◆ **Given information**
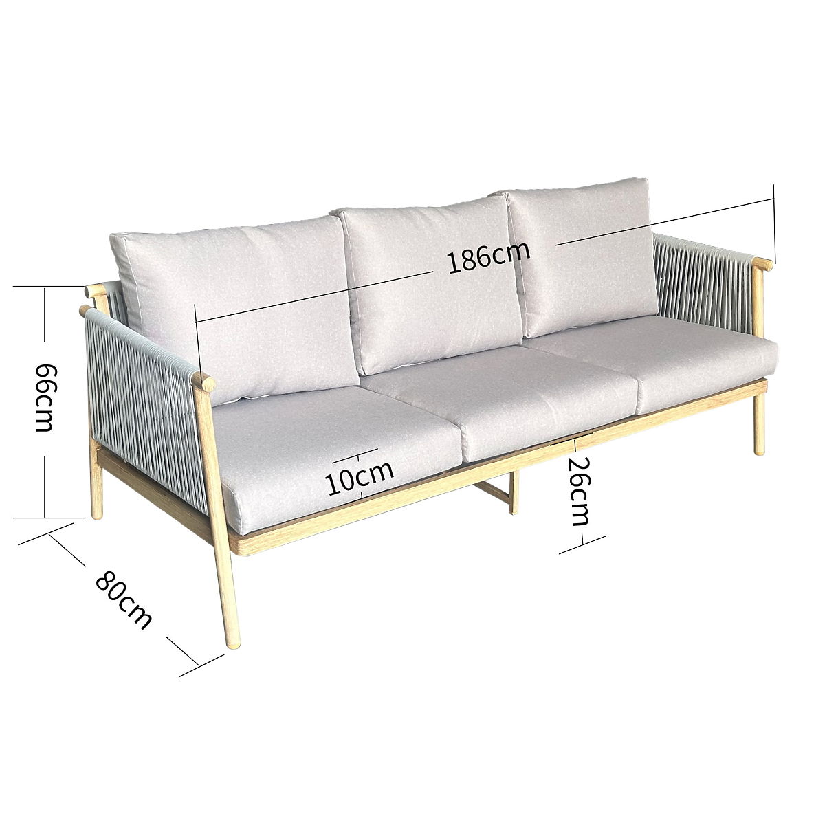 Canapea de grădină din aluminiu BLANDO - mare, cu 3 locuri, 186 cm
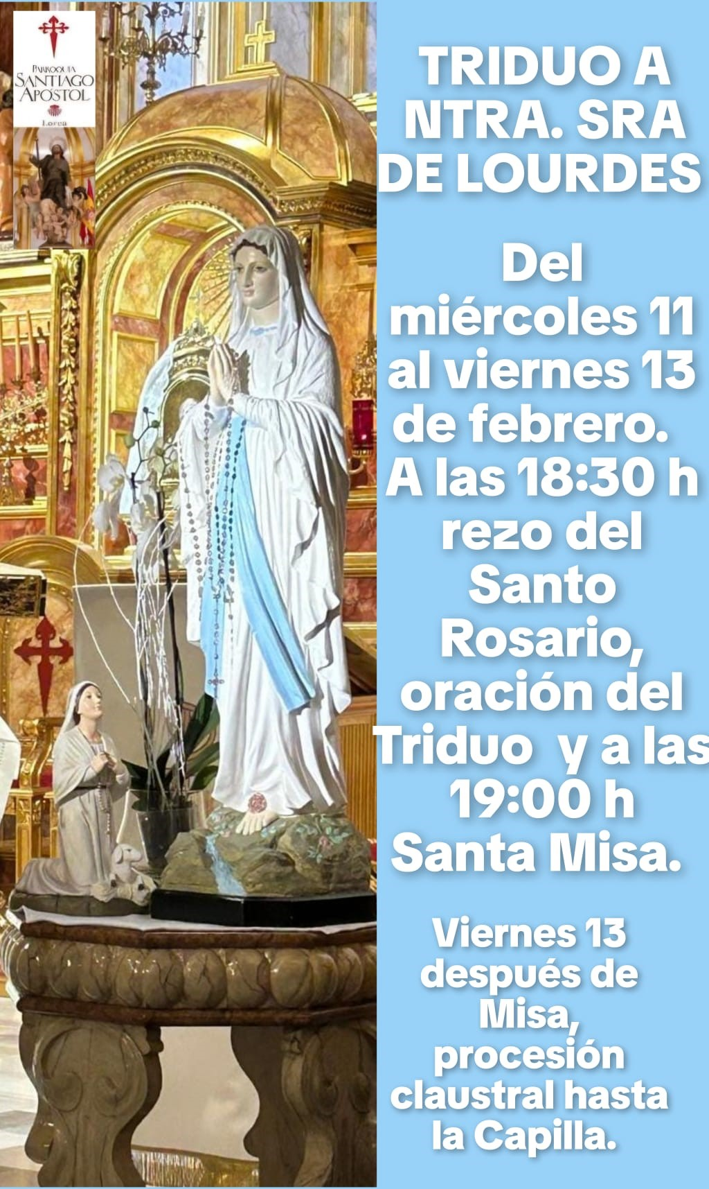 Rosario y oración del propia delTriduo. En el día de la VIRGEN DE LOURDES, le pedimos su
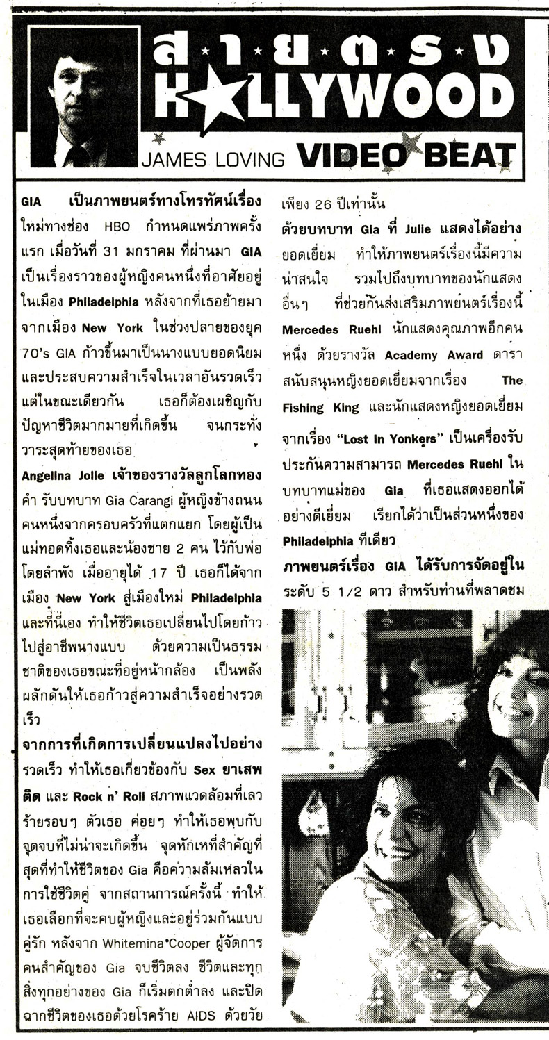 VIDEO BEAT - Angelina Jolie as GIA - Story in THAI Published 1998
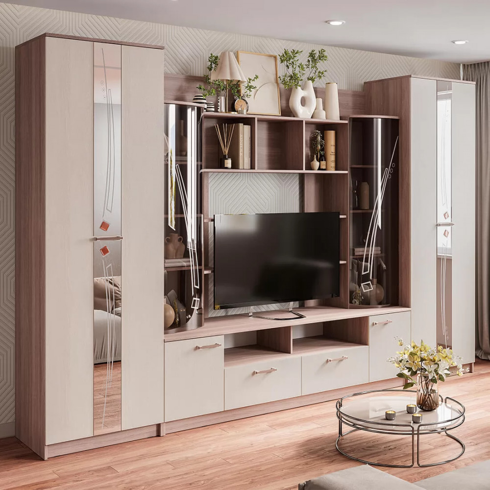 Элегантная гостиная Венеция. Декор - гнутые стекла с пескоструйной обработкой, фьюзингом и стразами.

◆ **Problem requirements**
Starting from the line that has "Rosario y oración" and ending at the last line of the material above, every line should be output exactly; pictures are dropped and nothing else appears.

◆ **Finished exercise**
 Rosario y oración del propia delTriduo. En el día de la VIRGEN DE LOURDES, le pedimos su
 VIDEO BEAT - Angelina Jolie as GIA - Story in THAI Published 1998
 Элегантная гостиная Венеция. Декор - гнутые стекла с пескоструйной обработкой, фьюзингом и стразами.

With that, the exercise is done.